C'est dès lors à juste titre que le tribunal, faisant application de l'article L. 134-13 2° du Code de Commerce, a jugé que la rupture du contrat était imputable à la société PHOCEA.
Sur l'indemnité de cessation de mandat
L'article L. 134-12 alinéa 1 du Code de commerce dispose ainsi qu'« en cas de cessation de ses relations avec le mandant, l'agent commercial a droit à une indemnité compensatrice en réparation du préjudice subi. »
Cette indemnité doit être égale au montant des commissions brutes perçues sur deux années, le calcul étant effectué en prenant pour référence les trois années précédant la rupture du contrat.

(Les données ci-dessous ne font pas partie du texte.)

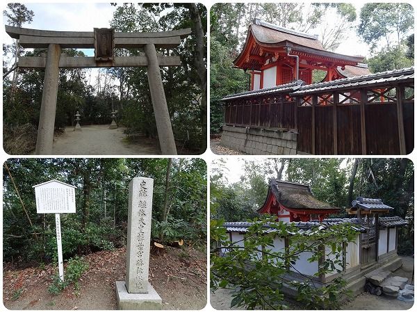 写真は、鳥居、交野天神社本殿、樟葉宮跡碑、貴船神社。

La société appelante produit aux débats une facture du 1er juin 2016 faisant état de commissions brutes pour le mois de mai d'un montant de 1981,84 euros et une facture du 1er février 2017 relative aux commissions de janvier 2017 d'un montant brut de 1984,76 euros. Elle ne remet aucun autre document relatif aux commissions perçues par son agent depuis le début de son activité.
Madame [Z] ne produit aucun document comptable, mais un récapitulatif des commissions perçues en 2015, 2016 et 2017 pour 22 748,52 euros, 22 602,01 euros et 12 106,95 euros pour 7 mois, chiffres non contestés utilement par l'appelante.

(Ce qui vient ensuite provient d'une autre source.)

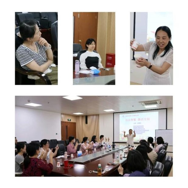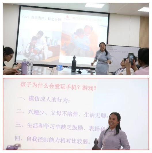 本次系列活动以孩子不同成长阶段面临的问题为出发点,精心策划了“统感失调的危害与预防”、“玩出智慧、激活全脑”、“让孩子放下手机,爱上阅读”以及“青春期心理健康塑造”四大主题。在轻松愉悦的氛围中,主讲老师钟雪珍通过富有趣味性的游戏和运动与女教工们迅速拉近了距离,巧妙地将话题引入讲座内容。她指出父母作为孩子最初的教育者,其家庭教育方式对孩子的成长具有深远的影响。

Il échet au regard de ce qui précède de fixer l'indemnité de cessation de mandat à la somme.
de 45.017 euros.
Le jugement sera confirmé sauf à fixer à la somme de 45.017 euros le montant de l'indemnité de rupture.
Sur l'indemnité compensatrice de préavis inexécuté.

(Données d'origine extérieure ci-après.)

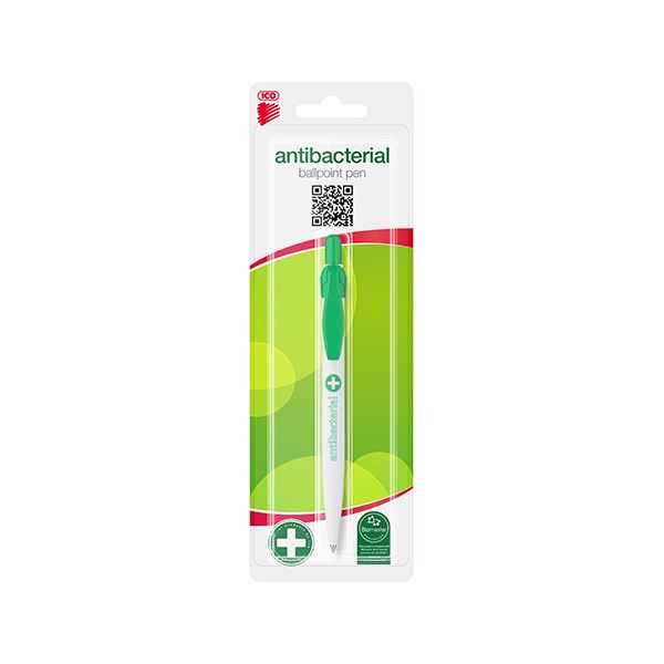 Antibakteriális golyóstoll, nyomógombos mechanikával. A műanyag alkatrészek antibakteriális védelmet adó Biomaster ezüst-ionokat tartalmaznak (biocid hatóanyag: ezüst-foszfát üveg). Az ICO Antibakteriális termékei bizonyítottan baktériumölő tulajdonsággal rendelkeznek, a felszínen megtelepedett kórokozók 24 óra leforgása alatt, 99,9% hatékonysággal elpusztulnak. Az antibakteriális hatást az angliai Industrial Microbiological Services Ltd. bevizsgálta és igazolta. Regisztrációs szám: 3264423. Vonalvastagság: 0,8 mm. Íráshossz: 2500 mm. Cserélhető betét: X-20.

Selon l'article L. l34-11 alinéa 3 du code de commerce, la durée du préavis est d'un mois pour la première année du contrat, de deux mois pour la deuxième armée commencée, de trois mois pour la troisième année commencée et les années suivantes. Les parties ne peuvent convenir de délais de préavis plus courts. »
Le mandat ayant débuté en janvier 2015 et la rupture ayant eu lieu en septembre 2017, c'est à juste titre que le tribunal a fixé l'indemnité compensatrice de préavis inexécuté à la somme de 4.401 euros, montant des 3 derniers mois de commissions réglées.
En l'état de la situation de redressement judiciaire de la société PHOCEA, il échet de fixer la créance de madame [Z] au passif de la procédure collective à la somme de 49.751 euros au total.
PAR CES MOTIFS
La cour,
Confirme le jugement rendu par le tribunal de commerce de Marseille le 5 mars 2019, sauf à fixer le montant de l'indemnité de cessation du mandat à la somme de 45.017 euros,
Statuant à nouveau,
Fixe la créance de madame [W] [Z] au passif de la procédure de redressement judiciaire de la société PHOCEA, en présence de Me [B] [S], ès qualité de mandataire judiciaire au redressement judiciaire, au titre de l'indemnité de cessation du mandat, à la somme de 49.751 euros,
En l'état de ladite procédure collective,
Fixe la créance de madame [W] [Z] au passif de la procédure de redressement judiciaire de la société PHOCEA, en présence de Me [B] [S], ès qualité de mandataire judiciaire au redressement judiciaire, au titre de l'indemnité compensatrice de préavis, à la somme de 4.401 euros,
Déboute les parties de leurs demandes autres ou plus amples,
Condamne la société PHOCEA, en présence de Me [B] [S], ès qualité de mandataire judiciaire au redressement judiciaire, aux dépens, lesquels seront intégrés au passif du redressement judicaire de la société PHOCEA.